Mr Hosking said many growers with sound wheat would look to blend with downgraded grain.

"This is something that could help people get the best return for their efforts, which we wholly support, but we also caution them to be conservative and not push the boundaries in terms of specifications too hard, the last thing you want to do is end up with more downgraded product as you've overshot the standards," he said.

Both Mr Hosking and Mr Crundall said the primary obstacle to overcome in terms of quality was the falling numbers test, closely followed by test weight.

Internationally, Mr Crundall said buyers were keen to get hold of any type of milling wheat, meaning the market may not have peaked.
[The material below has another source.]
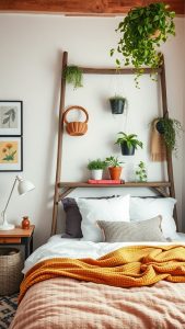 A ladder headboard brings a unique touch to your bedroom. It’s not only stylish but also functional, offering a place to hang fairy lights or your favorite decor items. Plus, it’s an easy DIY project that adds character without breaking the bank.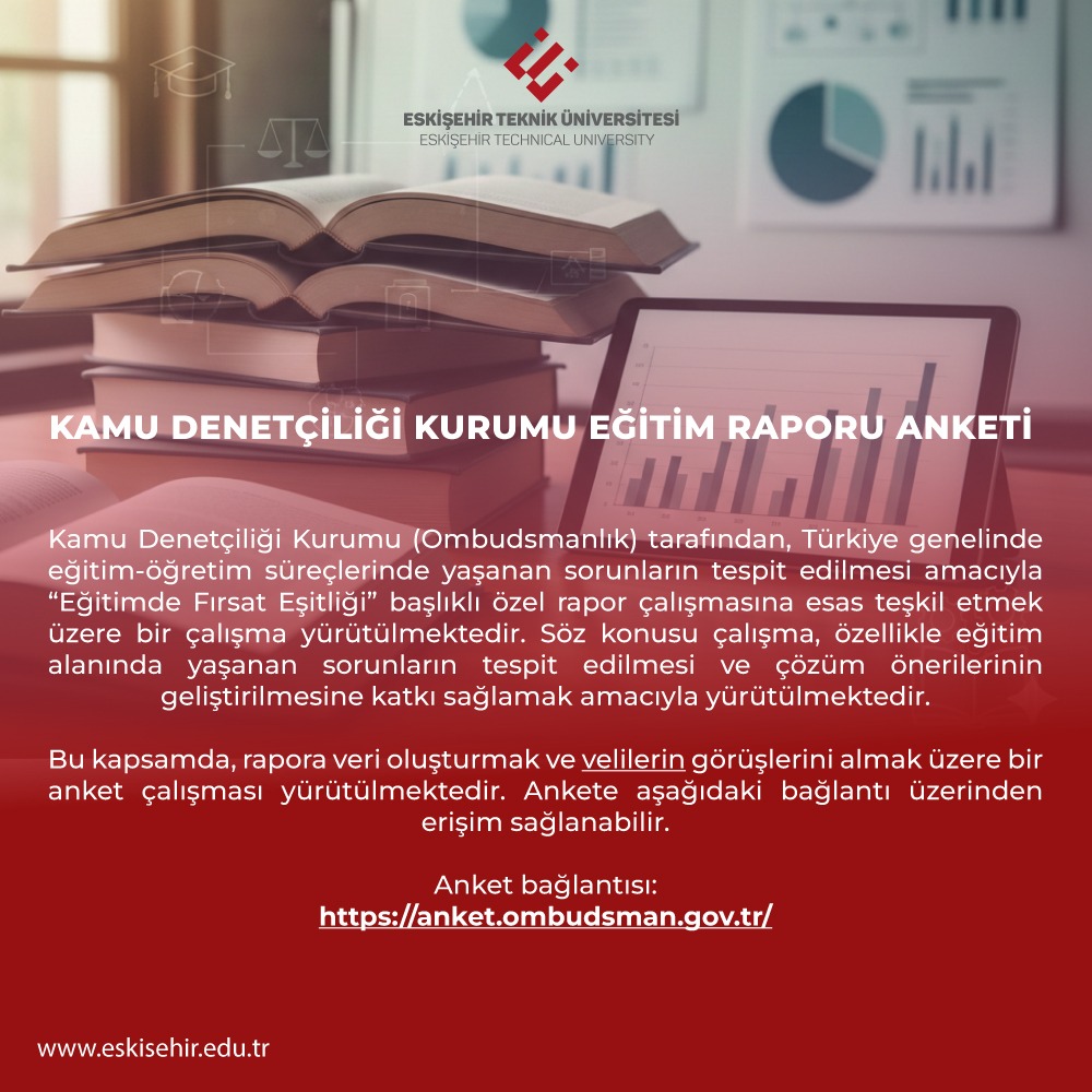Kamu Denetçiliği Kurumu (Ombudsmanlık) tarafından, Türkiye genelinde eğitim-öğretim süreçlerinde yaşanan sorunların tespit edilmesi amacıyla “Eğitimde Fırsat Eşitliği” başlıklı özel rapor çalışmasına esas teşkil etmek üzere bir çalışma yürütülmektedir. Söz konusu çalışma, özellikle eğitim alanında yaşanan sorunların tespit edilmesi ve çözüm önerilerinin geliştirilmesine katkı sağlamak amacıyla yürütülmektedir.

"Even though we've got these very high prices, based on the fundamentals there is still potential upside, although obviously when you have decile 9 or 10 prices there is also downside risk," he said.

"At current levels our milling wheat is very cheap on the world stage, but what happens from here will depend a lot on how the harvest goes from here.

"We may see more sound wheat come off in SA and Victoria if there are no weather issues there which could lead to some harvest pressure on the prices, but longer term a lot will be influenced by northern hemisphere 2022 crop prospects."

On the feed side he said there was good reason to suggest the current price will be maintained.

"Buyers in places like south-east Asia are looking at Australian wheat, especially with high corn prices," he said.